The principle component of a PEM fuel cell is known as a membrane electrode assembly (MBA) and is essentially composed of five layers. The central layer is the polymeric membrane. On either side of the membrane there is an electrocatalyst layer, containing an electrocatalyst, which is tailored for the different requirements at the anode and the cathode. Finally, adjacent to each electrocatalyst layer there is a gas diffusion layer. The gas diffusion layer must allow the reactants to reach the electrocatalyst layer, must allow products to be removed from the electrocatalyst layer, and must conduct the electric current that is generated by the electrochemical reactions. Therefore the gas diffusion layer must be porous and electrically conducting.
The electrocatalyst layer is generally composed of a metal, (such as a platinum group metal (platinum, palladium, rhodium, ruthenium, iridium and osmium), gold or silver, or a base metal) either unsupported in the form of a finely dispersed metal powder (a metal black) or supported on an electrically conducting support, such as high surface area carbon material. Suitable carbons typically include those from the carbon black family, such as oil furnace blacks, extra-conductive blacks, acetylene blacks and graphitized versions thereof.

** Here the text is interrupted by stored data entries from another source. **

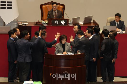 9일 서울 여의도 국회 본회의에서 나경원 국민의힘 의원이 '가맹사업거래의 공정화에 관한 법률 일부개정법률안'에 대한 무제한 토론(필리버스터)을 진행하는 중 우원식 국회의장, 여야 의원들이 충돌하고 있다. 우 의장은 나 의원이 의제와 관련없는 발언을 이어가자 발언을 중지시켰다. 고이란 기자 photoeran |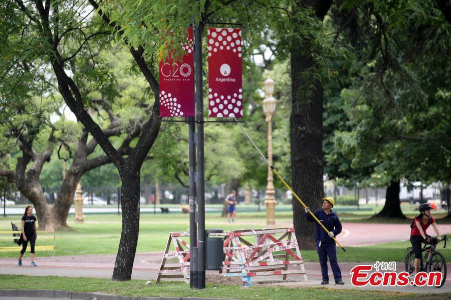 Photo taken on Nov. 27, 2018 shows banners of the G20 summit in Buenos Aires, Argentina. The 13th G20 summit, under the theme of Building Consensus for Fair and Sustainable Development, will be held for the first time in a South American country from Friday to Saturday. (Photo: China News Service/ Sheng Jiapeng)
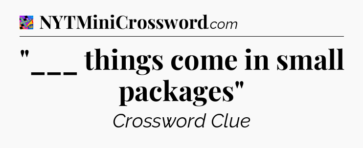 There is 1 possible answer for the crossword clue “”___ things come in small packages””.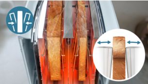 Het zelfcentrerende mechanisme centreert elk sneetje perfect voor een gelijkmatig bruiningsresultaat aan beide kanten - ongeacht de dikte van uw brood.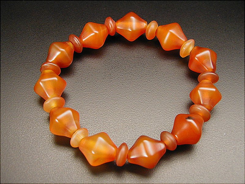 最後の写真をご覧下さい。現在出品の朱紅蚕絲の同質品を利用し伝統的な飾品様式で製作されたブレスレットの品です。ご参考にご覧下さい(出品には含まれません)。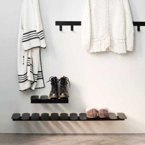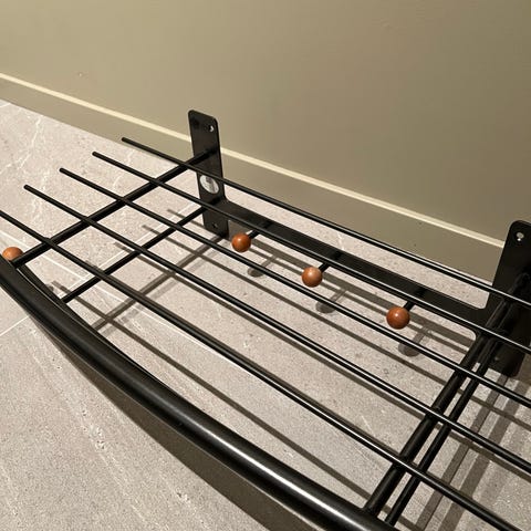 Hattehylle med klesstang, produsert i MDF og massivt gummitre malt med vannbasert farge. Hattehyllen monteres på veggen i den høyden du ønsker. Den har klesstang til kleshengere.
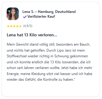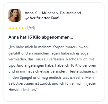Für nachhaltige und beständige Ergebnisse empfehlen wir, Lipo Jaro mindestens 6 Monate lang anzuwenden. Das ist genau die Zeit, die der Körper benötigt, um das hormonelle Gleichgewicht vollständig wiederherzustellen und den Stoffwechsel-Reset zu festigen.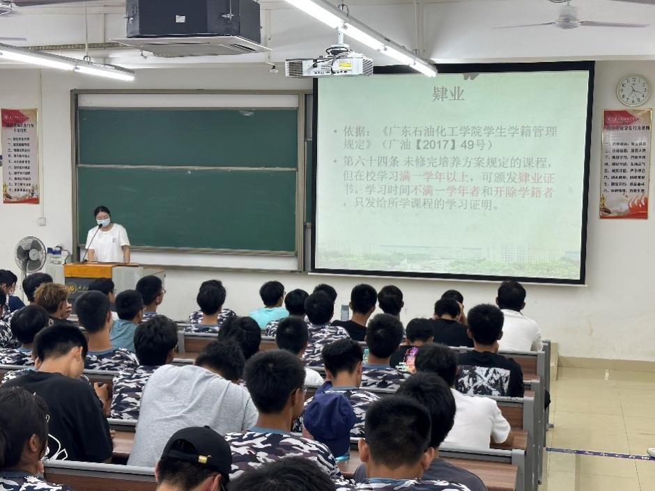 为了让2023级新生更快地适应大学生活,熟悉了解学校的学籍制度,9月23日晚,化学工程学院在西城校区J02教室举行了2023级新生入学教育大会。化工学院办公室教务员游虹担任主讲老师。化工学院全体23级新生参加会议。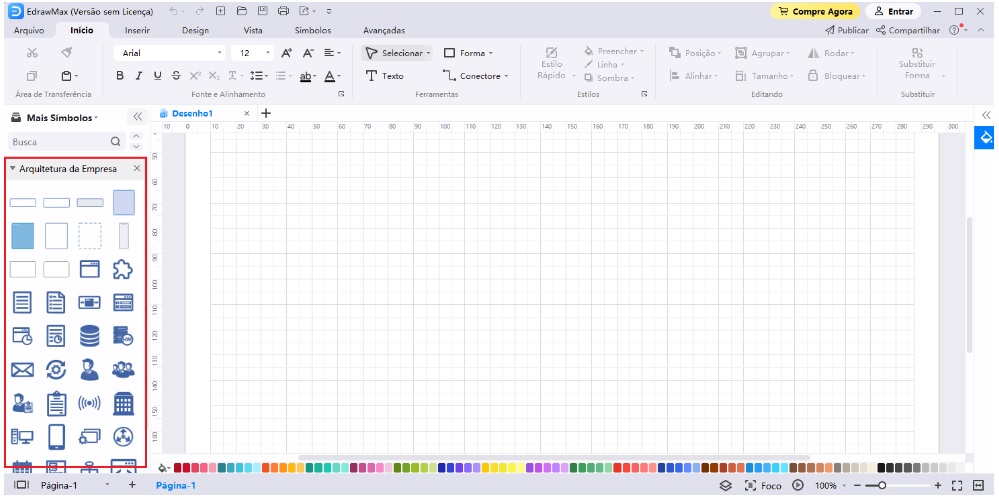 É uma poderosa plataforma de fluxogramas, que possui muitos recursos focados em colaboração, como documentos compartilhados e quadros brancos. Estes últimos têm os elementos integrados para permitir que você construa diagramas de fluxograma com um simples arrastar e soltar. Há duas maneiras de começar a trabalhar em seu fluxograma. A primeira é começar a pegar elementos e conectores da barra esquerda para construir seu processo do zero. A segunda é navegar pelos modelos disponíveis para você ao clicar no ícone da varinha mágica.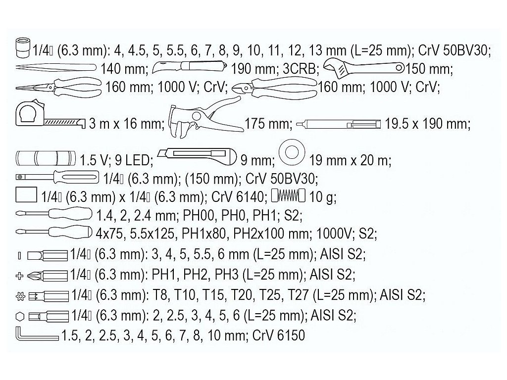 - Izolovaný šroubovák: 4x75, 5.5x125, PH1x80, PH2x100mm (1000V)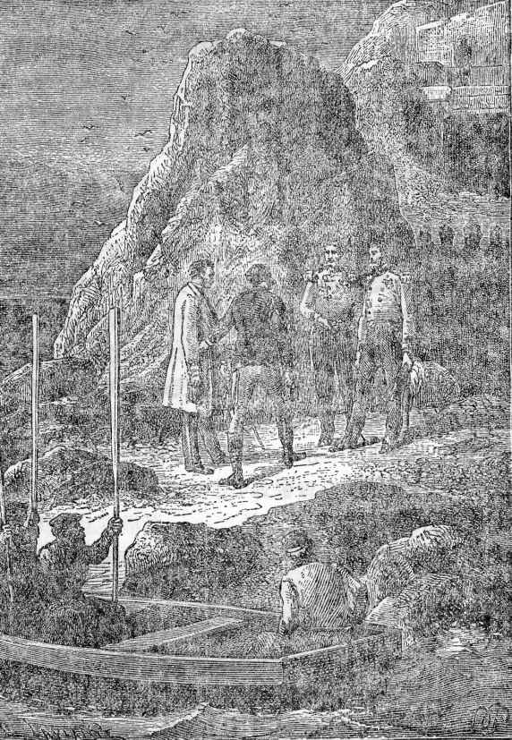 在这个小岛的南面,有一个可以容纳四艘渔船停泊的小海湾。只要不刮起猛烈的南风和西风,对于“多布里纳号”来说,这将是一个安全的港湾。“多布里纳号”缓缓驶入了小海湾,然后抛下锚链,放下了小艇。铁马斯彻夫伯爵和塞尔瓦达克上尉登上小艇,径直向小岛驶来。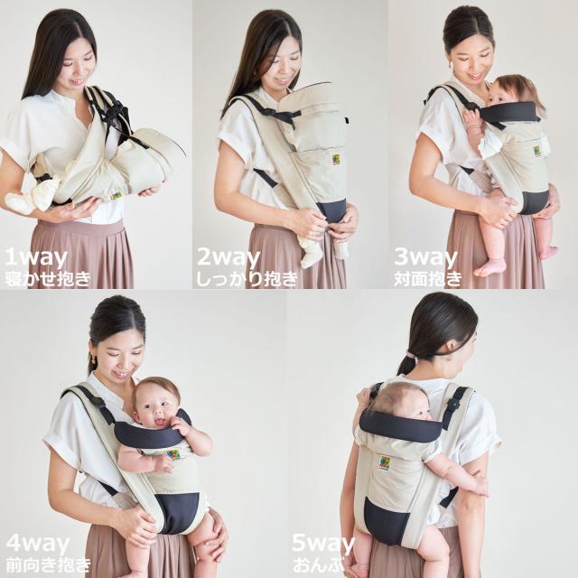 新生児の寝かせ抱きから3歳まで、5通りに使える抱っこひもです。ウエストベルトがないので妊娠中や帝王切開のあともお腹を締め付けずに使用できます。表生地は撥水性のある生地で汚れにくく、裏地はメッシュ生地を使用しているので洗濯しても乾きやすいのでこまめに洗濯できます。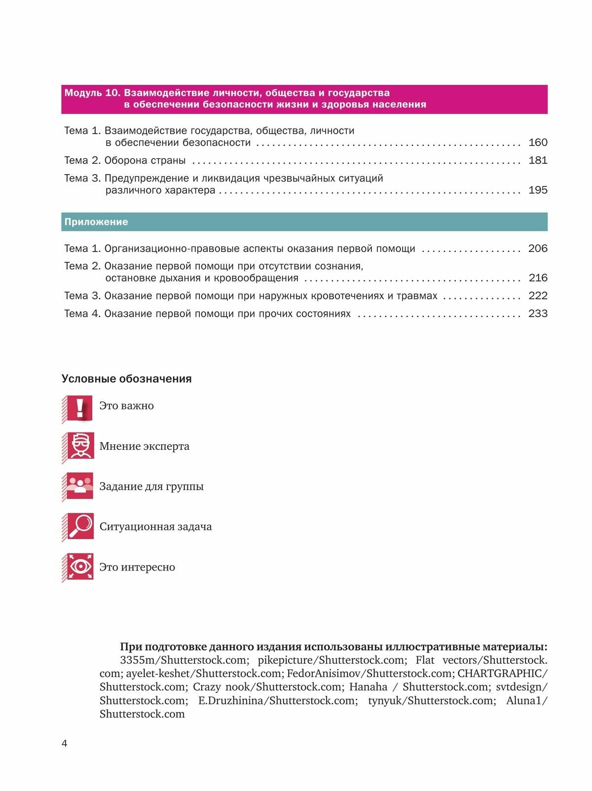 Структура учебника выстроена по модульному принципу. В Приложении к учебнику подробно описаны правила оказания первой помощи при неотложных состояниях.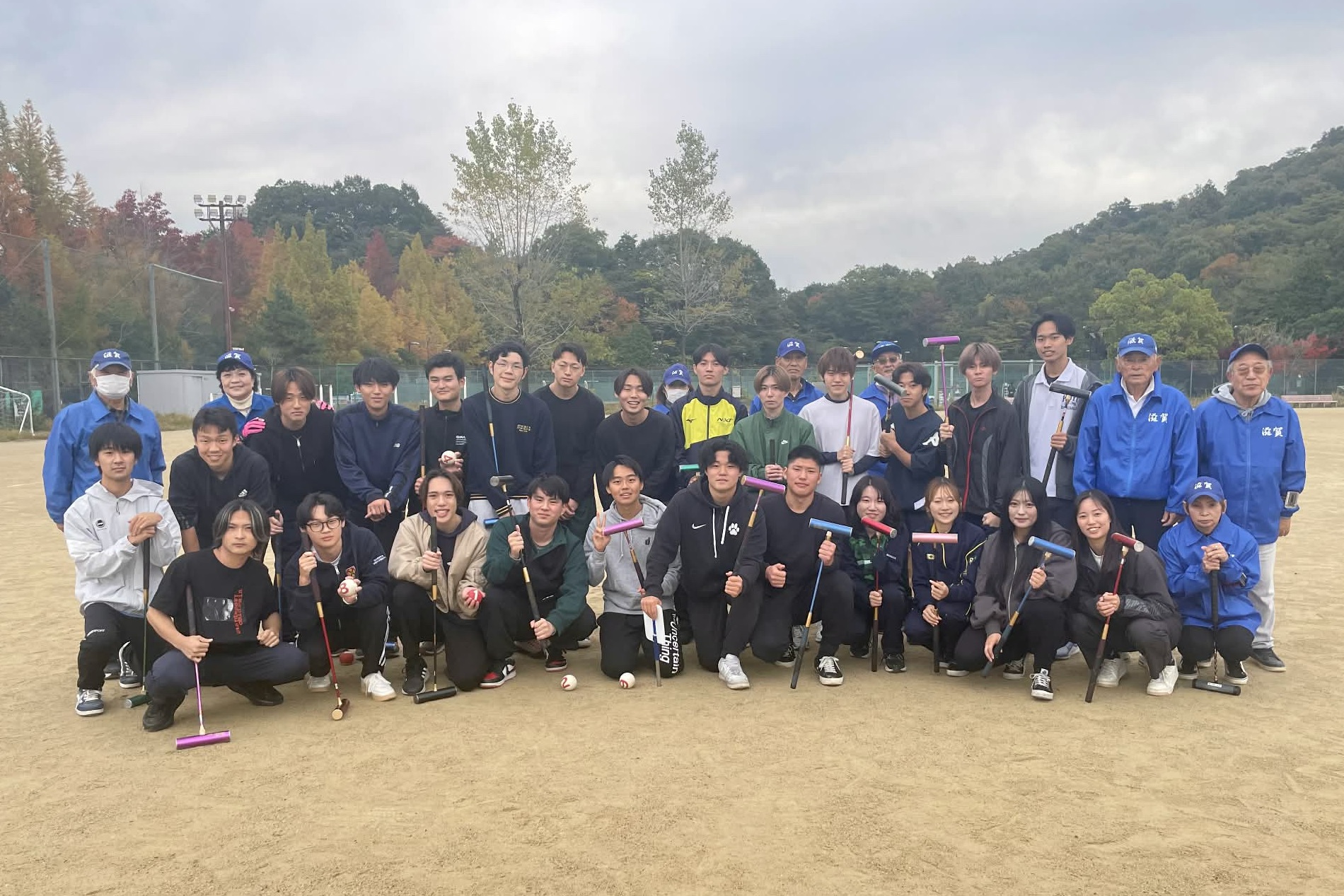 滋賀県の立命館大学びわこ・くさつキャンパスでは、今年もゲートボール体験授業が行われ、滋賀県ゲートボール連盟の皆さんが指導協力しました。

Exemplary carbons include Akzo Nobel Ketjen EC300J, Cabot Vulcan XC72R and Denka Acetylene Black. The electrocatalyst layers suitably comprise other components, such as ion-conducting polymer, which is included to improve the ionic conductivity within the layer. The electrocatalyst layers also comprise a certain volume fraction of porosity, which allows reactant ingress and product egress.
Platinum black may also be used as a catalyst in a fuel cell anode or cathode. Platinum black is black-colored finely divided form of unsupported metallic platinum. Platinum blacks may be formed by a variety of methods including by heating ammonium chloroplatinate in molten sodium nitrate at 500° C. for 30 minutes. The molten mass is poured into water, followed by boiling and washing to give a muddy brown precipitate (thought to be platinum dioxide) that can be concentrated by centrifugation (Platinum Metals Rev. 2007, 51 (1), 52). Reduction of the suspension in water with gaseous hydrogen gives a black suspension with a particle size from which layers are made in the range of 0.5 μm to 10 μm (see FIG. 1). Typically, catalyst layers prepared from platinum black have a platinum loading of at least 1 mg/cm2.